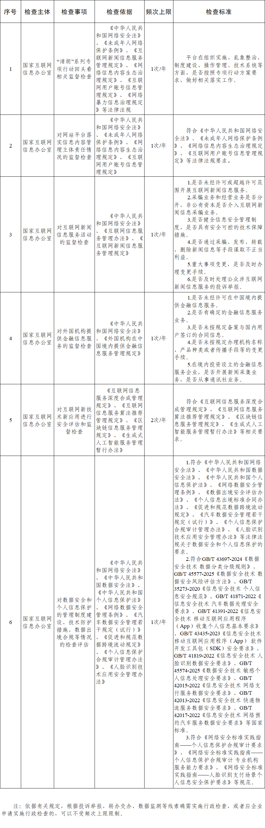 國家互聯(lián)網(wǎng)信息辦公室涉企行政檢查事項(xiàng)清單
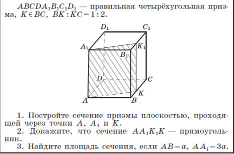 1. Постройте сечение призмы плоскостью, проходя-щей через точки A, A₁ и K.
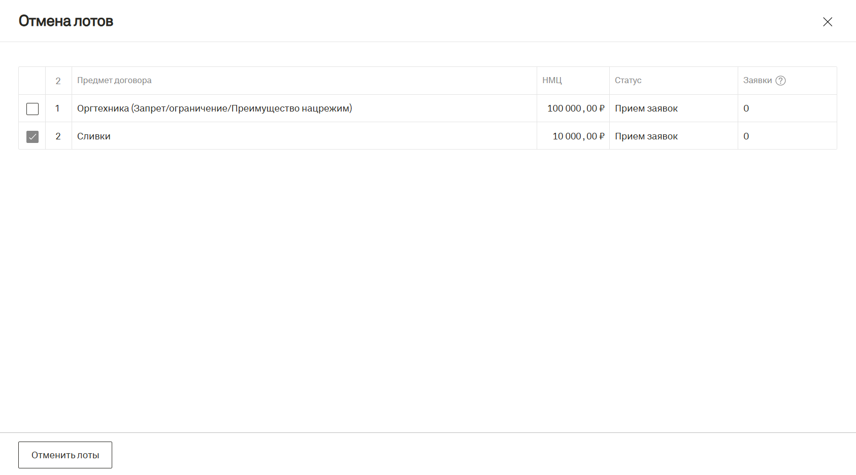Выберите лоты, которые необходимо отменить и нажмите на кнопку “Отменить лоты”
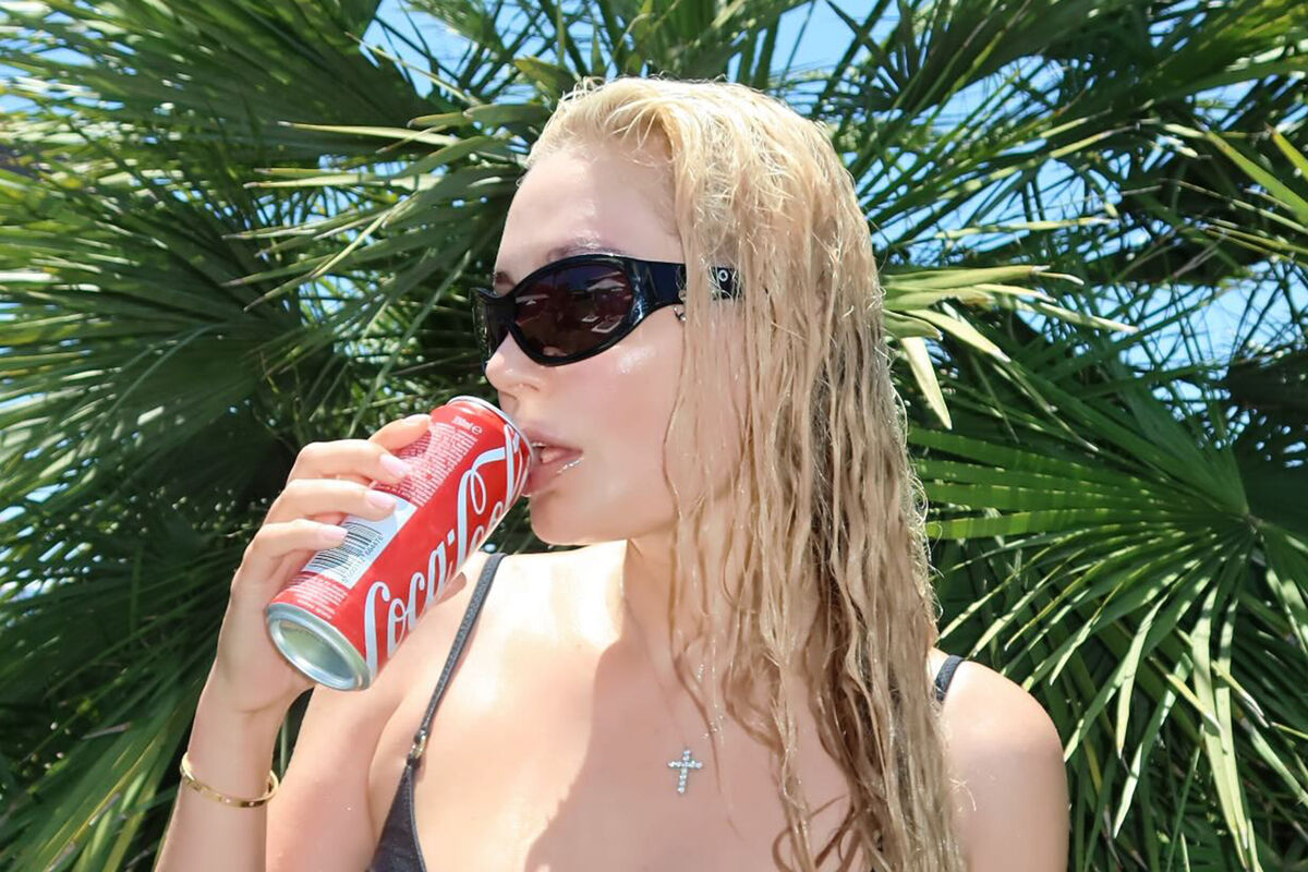 Наталья Рудова позировала в кадре в мокром черном крошенчом бикини, к которому добавила солнцезащитные очки в тон, золотой браслет и цепочку с крестом. Актриса была запечатлена с мокрыми распущенными волосами и без косметики. Знаменитость стояла на фоне пальмы и держала банку Coca Cola в руке.

*EXERCISE DETAILS*
The whole listing, minus its images, should be repeated exactly.

*ANSWER AREA*
 國家互聯(lián)網(wǎng)信息辦公室涉企行政檢查事項(xiàng)清單
 1. Постройте сечение призмы плоскостью, проходя-щей через точки A, A₁ и K.
Выберите лоты, которые необходимо отменить и нажмите на кнопку “Отменить лоты”
 Наталья Рудова позировала в кадре в мокром черном крошенчом бикини, к которому добавила солнцезащитные очки в тон, золотой браслет и цепочку с крестом. Актриса была запечатлена с мокрыми распущенными волосами и без косметики. Знаменитость стояла на фоне пальмы и держала банку Coca Cola в руке.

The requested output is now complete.